Re: [GENERAL] Various intermittent bugs/instability - how to debug?

2008-09-10 Thread Mark Cave-Ayland

Frederik Ramm wrote:

Dear 
PostgreSQL community,


   I hope you can help me with a problem I'm having - I'm stuck and 
don't know how to debug this further.


I have a rather large nightly process that imports a lot of data from 
the OpenStreetMap project into a PostGIS database, then proceeds doing 
all sorts of things - creating spatial indexes, computing bounding 
boxes, doing simplification of geometries, that kind of stuff. The whole 
job usually takes about five hours.


I'm running this on a Quad-Core Linux (Ubuntu, PostgreSQL 8.3) machine 
with 8 GB RAM.


Every other night, the process aborts with some strange error message, 
and never at the same position:


ERROR:  invalid page header in block 166406 of relation node_tags

ERROR:  could not open segment 2 of relation 1663/24253056/24253895 
(target block 1421295656): No such file or directory


ERROR:  Unknown geometry type: 10

When I continue the process after the failure, it will usually work.

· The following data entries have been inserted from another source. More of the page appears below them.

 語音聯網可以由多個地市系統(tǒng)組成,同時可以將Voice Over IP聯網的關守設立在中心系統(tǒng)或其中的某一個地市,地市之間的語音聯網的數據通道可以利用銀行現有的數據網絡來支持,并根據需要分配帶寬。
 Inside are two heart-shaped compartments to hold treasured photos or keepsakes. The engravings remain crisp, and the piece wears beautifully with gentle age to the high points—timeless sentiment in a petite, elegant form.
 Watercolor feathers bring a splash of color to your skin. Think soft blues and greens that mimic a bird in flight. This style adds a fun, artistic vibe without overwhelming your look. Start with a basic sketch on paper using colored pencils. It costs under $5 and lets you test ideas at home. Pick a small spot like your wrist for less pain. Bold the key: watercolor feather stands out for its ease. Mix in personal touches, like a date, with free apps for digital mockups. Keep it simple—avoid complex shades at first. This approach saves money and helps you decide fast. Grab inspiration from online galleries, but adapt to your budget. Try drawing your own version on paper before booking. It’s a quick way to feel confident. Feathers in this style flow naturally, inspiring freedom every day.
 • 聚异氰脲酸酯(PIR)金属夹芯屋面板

I know you all think hardware problem now. Of course this was my first 
guess as well. I ran a memory test for a night, no results; I downgraded 
do failsafe defaults for all BIOS timings, again no change. Ran 
cpuburn and all sorts of other things to grill the hardware - nothing.


Then I bought an entirely new machine; similar setup, but using a 
Gigabyte instead of Asus mainboard, different chipset, slightly faster 
Quad-Core processor, and again 8 GB RAM and Ubuntu Hardy with 
PostgresSQL 8.3 and matching PostGIS.


Believe it or not, this machine shows the *same* problems. It is not 
100% reproducible, sometimes the job works fully, but every other day it 
just breaks down with one of the funny messages like above. No memtest 
errors here either.


Both machines are consumer quality, i.e. normal Intel processors and 
not the server (Xeon) stock.


I am at a loss - how can I proceed? This looks like a hardware problem 
alright, but so simliar problems on two so different machines? Is there 
something wrong with Intel's Quad-Core CPUs?

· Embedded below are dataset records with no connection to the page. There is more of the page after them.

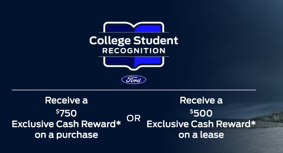You've worked hard in school, now let your new Ford drive you to your dream job! $500 bonus cash for current college or trade school students or alumni within 3 years of graduation date towards the purchase or lease of an eligible/select new 2025/2026 Ford or Lincoln vehicle! Contact us at Steet Ponte Ford to find out more, or stop down for a test drive!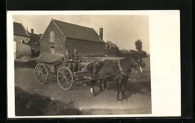 Foto-AK Zwei Soldaten auf einem Pferdegespann vor einem Gehöft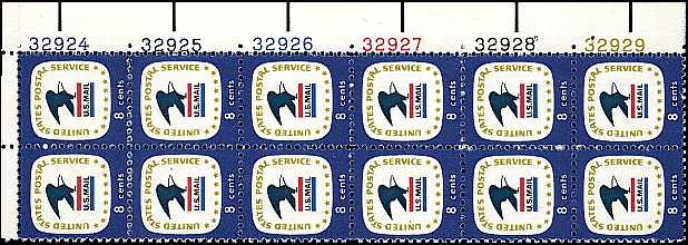 6-farbige Briefmarken die von 6 Platten gedruckt wurden erkennbar an den 6 Plattennummern auf dem Bogenrand |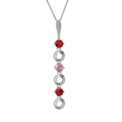 Garnet ve pembe kuvars 14 ayar beyaz altın kolye (40 cm gümüş rolo zincir)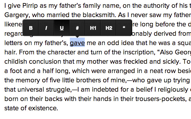 buttons: ['bold', 'italic', 'underline', 'anchor', 'h2', 'h3', 'quote'],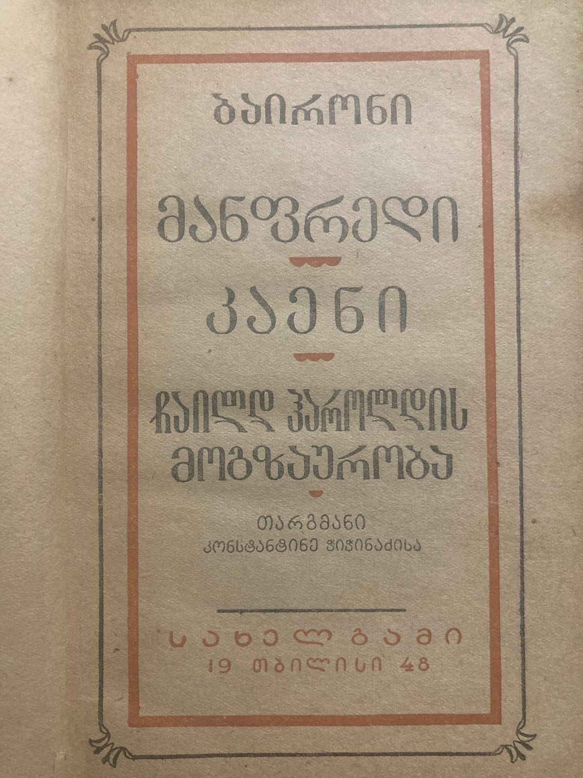 წიგნში მოცემულია ჯორჯ ბაირონის მთავარი პოემები: "მანფრედი", "კაენი" და "ჩაილდ ჰაროლდის მოგზაურობა". მთარგმნელი: კონსტანტინე ჭიჭინაძე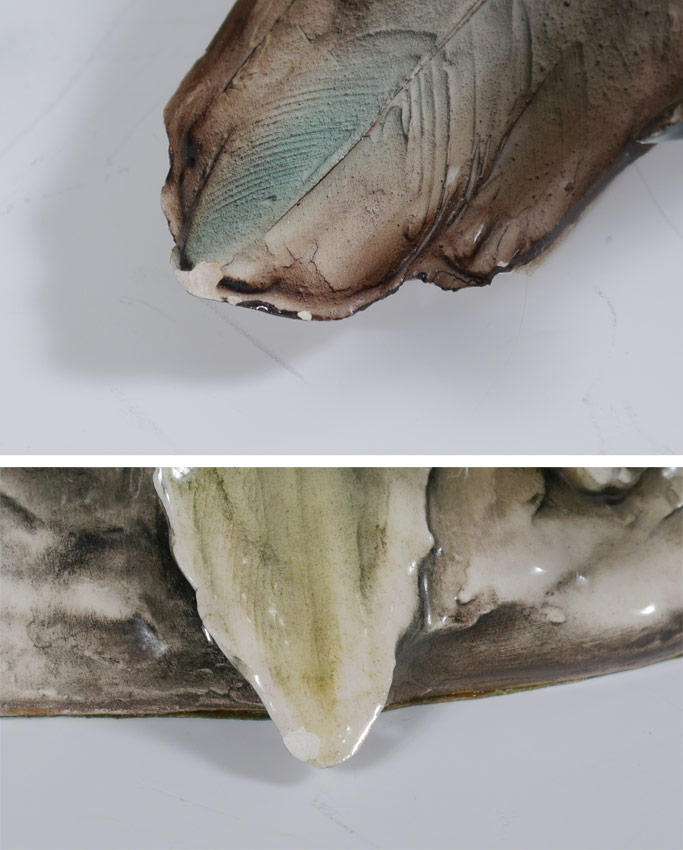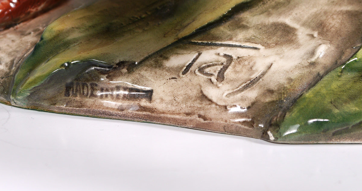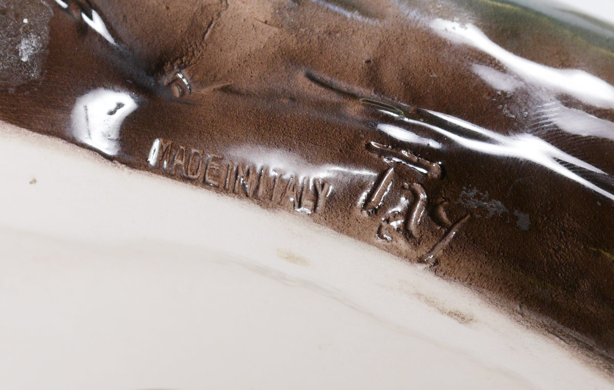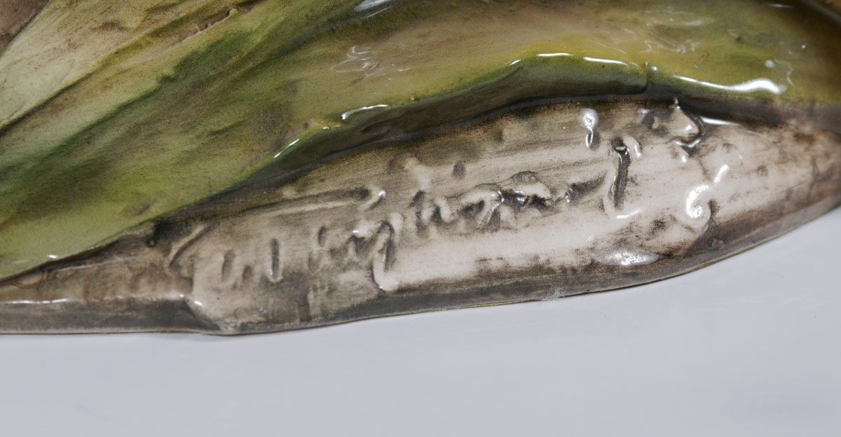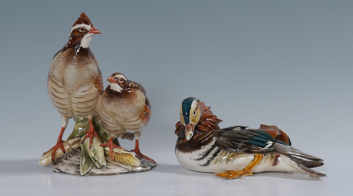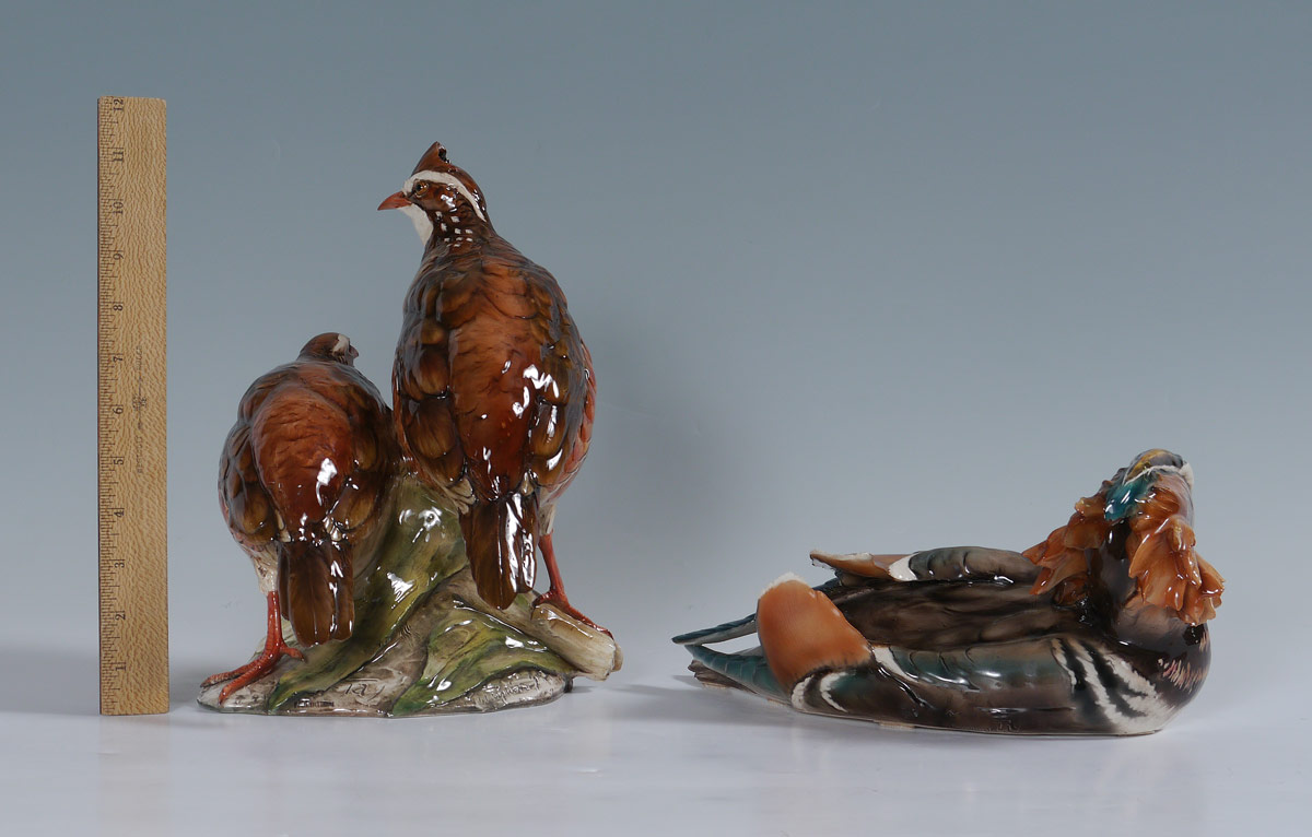 2 TAY ITALIAN CERAMIC BIRD FIGURINES: Realistic coloration in majolica glaze. 2 piece group to include 1) Pair of quail standing on corn. Illegibly signed. Overall measures 11 1/2'' h. x 9 1/2'' x 9''. 2) Reclining duck with brilliant plumage. 5 1/2'' h. x 12 1/2'' x 7 1/4''. Both are impressed ''Tay''.

What could I do to have a better chance of reproducing the error and 
ultimately identifying the component responsible? Is there some kind of 
PostgresSQL load test, something like cpuburn for PostgreSQL?


Have there been other reports of intermittent problems like mine, and 
does anybody have any blind guesses...?


Thanks
Frederik



Hi Frederik,

We did find a memory clobber in the PostGIS ANALYZE routine a while 
back, but the fix hasn't yet made it into a release.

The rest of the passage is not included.